Под знаком незаконнорожденных (Набоков) - страница 21

Но им не пришлось ни звонить, ни стучать — или что там еще, — ибо дверь наверху распахнулась, явив фигуру чудесного доктора Александера, который был уже здесь, взмыл, небось, по какой-нибудь черной лестнице или в одной из тех безостановочных штук, которыми я поднимался когда-то из близнеца этой ночи в Кивинаватине, от ужасов Лаврентийской революции, через кишащую упырями Провинцию Пермь, сквозь Едва Современный, Слегка Современный, Не Столь Современный, Вполне Современный, Совсем Современный — тепло, тепло! — периоды вверх, в мой номер, на моем этаже отеля в дальней стране, выше, выше, в лифте — экспрессе из тех, которыми правят изящные руки — мои в негативе — темнокожих мужчин с падающими желудками и взлетающими сердцами, никогда не достигающих Рая, ибо Рай — это не сад на крыше; а из глубин рогоголового холла уже приближался скорым шагом старый президент Азуреус, раскрыв объятья, заранее сияя блеклыми голубыми глазами, подрагивая морщинистым долгим надгубьем —

— Ну конечно, — как глупо с моей стороны, — подумал Круг, круг в Круге, один Круг в другом.

4

Манера, в которой встречал гостей старик Азуреус, являла собою эпическую песню без слов. Лучась восхищенной улыбкой, медленно, нежно, он брал вашу руку в свои мягкие ладони, держа ее так, точно она — драгоценность, наградившая долгие поиски, или воробышек — весь из пуха и испуга, — вглядываясь в вас во влажном молчании не очами, скорее лучами морщин, — потом, медленномедленно, серебристая улыбка начинала подтаивать, нежные старые длани потихоньку теряли хватку, пустое выражение сменяло пылкий свет на бледном и хрупком лице, и он покидал вас, как будто все это было ошибкой, как будто вы, в конце-то концов, вовсе не тот любимый — тот любимый, коего в следующую минуту он обнаруживал в другом углу, и вновь занималась улыбка, опять воробья обнимали ладони, и снова все это таяло.
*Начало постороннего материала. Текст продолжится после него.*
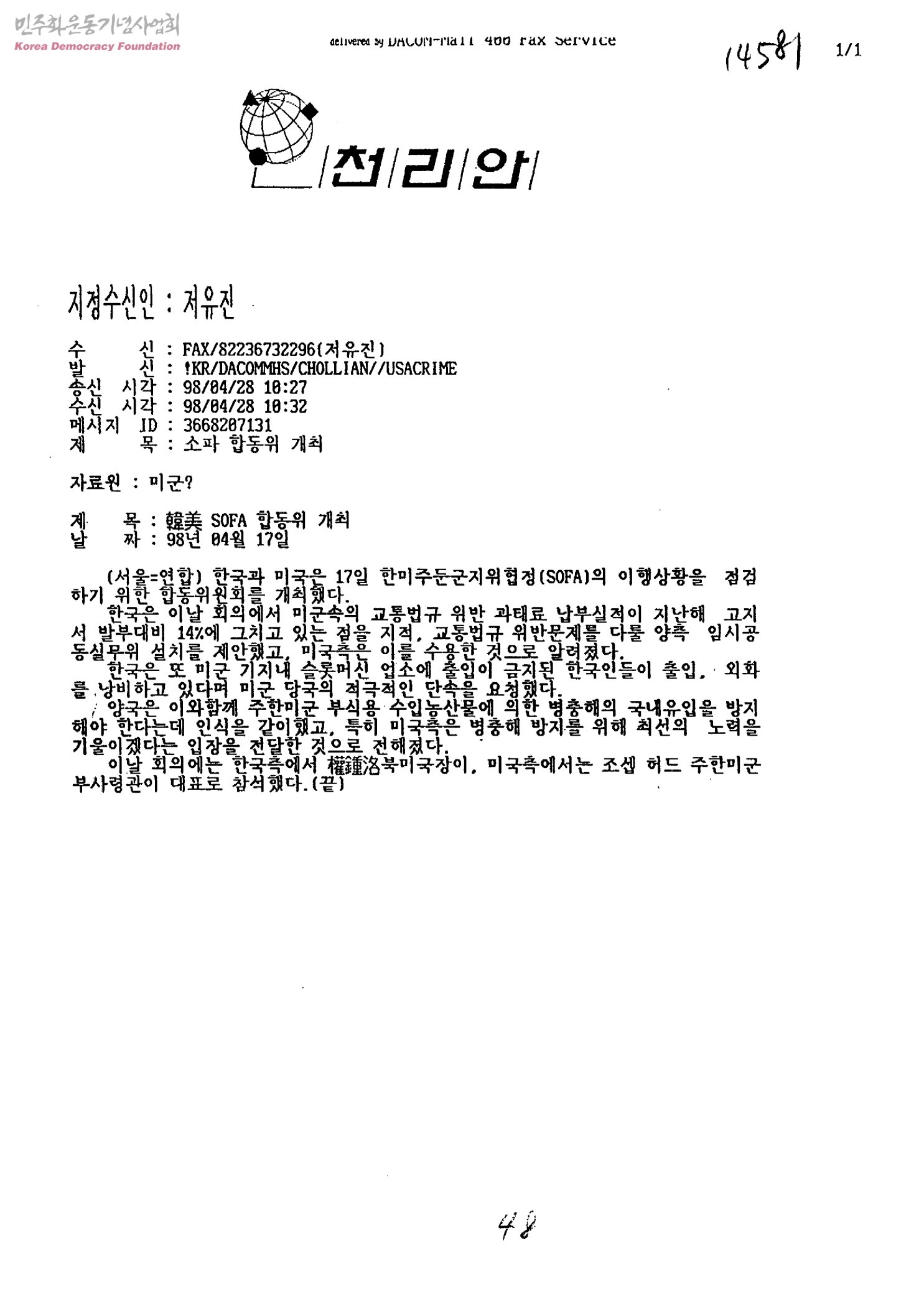 韓美 SOFA 합동위 개최[수신:정유진, 발신:주한미군범죄근절운동본부]

Двадцать примерно выдающихся представителей Университета, некоторые из них — недавние пассажиры д-ра Александера, — стояли или сидели в просторной, отчасти даже сверкавшей гостиной (не все лампы горели под зелеными облачками и ангелочками ее потолка), и может быть еще с полдюжины присутствовало в смежном mussikishe [музыкальном салоне], — старый джентльмен был а ses heures средней руки арфистом и любил выстроить трио (с собой в роли гипотенузы) или пригласить какого-нибудь крупного музыканта выделывать разные штуки с роялем, после чего раздавались малюсенькие и не очень обильные бутерброды, а также треугольные bouches, обладавшие, как он наивно полагал, лишь им присущим очарованием (по причине их формы); их разносили две служанки и его незамужняя дочь, от которой невнятно припахивало одеколоном и различимо — потом. Сегодня взамен этих лакомств предлагался чай с сухими печеньями; и черепаховой масти кошка (которую поочередно ласкали профессор химии и математик Хедрон) лежала на темносияющем "Бехштейне". Глиман легко, как опадающий лист, скользнул по ней электрической лапкой, и кошка поднялась, словно вскипевшее молоко, громко мурлыча, но маленький медиевист был нынче рассеян и побрел прочь. Близ одного из плотно завешенных окон стояли, беседуя, Экономика, Богословие и Новейшая История. Несмотря на плотность завесы, явственно ощущался жиденький, но ядовитенький сквознячок. Д-р Александер присел за столик, сдвинул аккуратно в северо-западный угол населяющие его вещицы (стеклянная пепельница, фарфоровый ослик, навьюченный корзинками для спичек, коробочка, притворившаяся книгой) и принялся просматривать список имен, кое-какие вычеркивая невиданно острым карандашом. Президент склонился над ним в смешанном состоянии пытливости и заботы. Время от времени д-р Александер приостанавливался, дабы поразмыслить, бережно гладил свободной рукой прилизанные светлые волосы на затылке.